= Laurie Mayer (songwriter) =

American born composer and songwriter (born 1961)

Laurie Mayer (born 1961) is an American-born songwriter who has spent much of her musical career in the UK. She majored in both music and fine art at the University of California, Los Angeles before relocating to London. She was part of the group Torch Song.

== Career ==
During the 1980s and 1990s, she was part of the group Torch Song. The band released four albums: Wish Thing, Ecstasy, Exhibit A, and Toward the Unknown Region. Together they ran Guerilla Studios, with Rico Conning as the in-house sound engineer. Conning was also a member of the Lines, a UK post-punk band.
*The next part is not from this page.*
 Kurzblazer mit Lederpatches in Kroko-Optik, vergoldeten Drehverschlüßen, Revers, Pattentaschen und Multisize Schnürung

She worked with Etienne Daho on his albums Pop Satori and Pour nos vies martiennes. During that time, she released an EP, Bright Blue Night. The title track was covered as "Le seul cœur que je brise" by the Daho produced version recorded by Belgian pop artist Lio.

Mayer released a solo album, Black Lining in 2006, which was co-produced and co-written by Rico Conning.
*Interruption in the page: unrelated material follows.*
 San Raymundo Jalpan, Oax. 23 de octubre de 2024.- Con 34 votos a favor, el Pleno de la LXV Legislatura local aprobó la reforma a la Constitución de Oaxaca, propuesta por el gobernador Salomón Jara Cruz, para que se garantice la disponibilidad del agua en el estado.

The song "Falling Free" on Madonna's MDNA album (2012) was co-written by Mayer, Madonna, Joe Henry and Madonna's producer.

In 2009, she co-authored the book The Way We Were California: Nostalgic Images of the Golden State with M.J. Howard.

In 2022, she released a collection of new work, Under Gold Dust and Heat, containing four songs that were co-produced by Rico Conning.